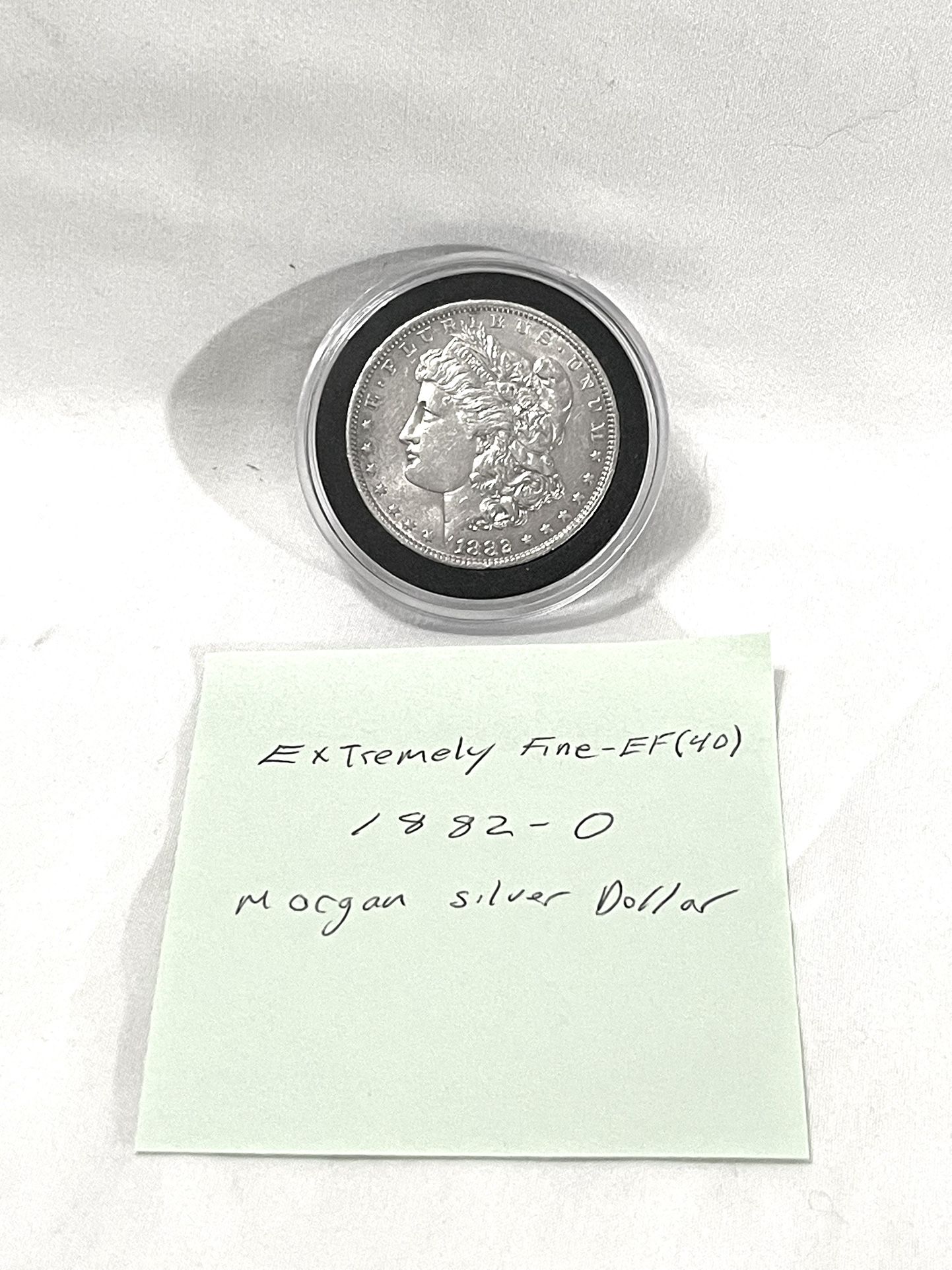 About Uncirculated-AU(50) 1882-O Morgan Silver Dollar. Valued At $86 On Us Coin Book.
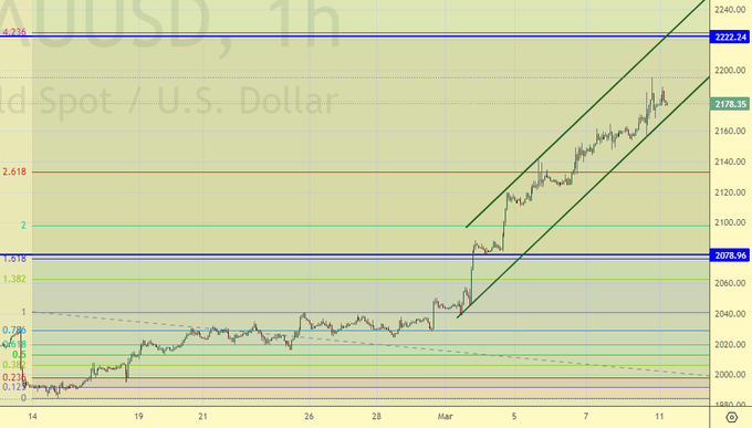 Скорее всего золото доберется до четырех двоек: 2222, после чего последует откат. Если рынок откатит к 2100, то этим можно будет воспользоваться для покупок.
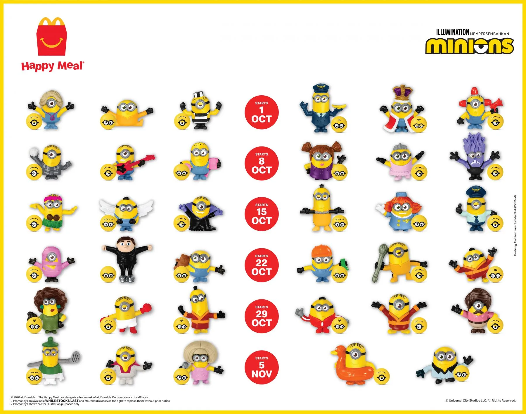 Take a look at the poster below to find out exactly which Minion toys are available each week. Good luck trying to collect all 35 of these cute creatures. Don’t forget, there are also exclusive golden minions up for grabs.
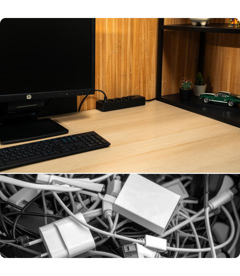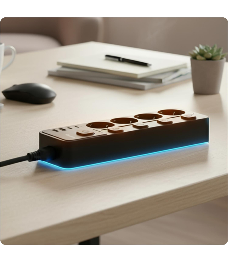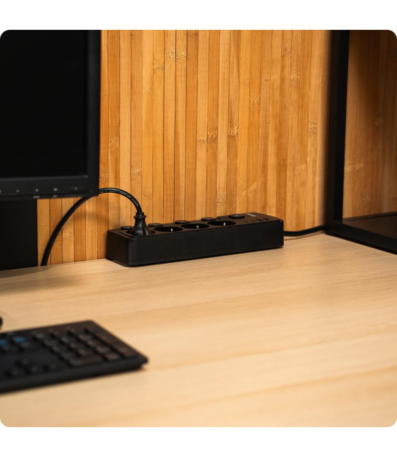 Kompaktowe wymiary – praktyczne rozwiązanie do każdego wnętrza. Smukła konstrukcja (255 × 74 × 40 mm) pozwala wygodnie ustawić listwę w dowolnym miejscu – na biurku, przy telewizorze czy w kuchni.

──────

**Task prompt:** Copy the full listing above exactly, apart from the pictures.

**Reply:**
 About Uncirculated-AU(50) 1882-O Morgan Silver Dollar. Valued At $86 On Us Coin Book.
 Скорее всего золото доберется до четырех двоек: 2222, после чего последует откат. Если рынок откатит к 2100, то этим можно будет воспользоваться для покупок.
 Take a look at the poster below to find out exactly which Minion toys are available each week. Good luck trying to collect all 35 of these cute creatures. Don’t forget, there are also exclusive golden minions up for grabs.
 Kompaktowe wymiary – praktyczne rozwiązanie do każdego wnętrza. Smukła konstrukcja (255 × 74 × 40 mm) pozwala wygodnie ustawić listwę w dowolnym miejscu – na biurku, przy telewizorze czy w kuchni.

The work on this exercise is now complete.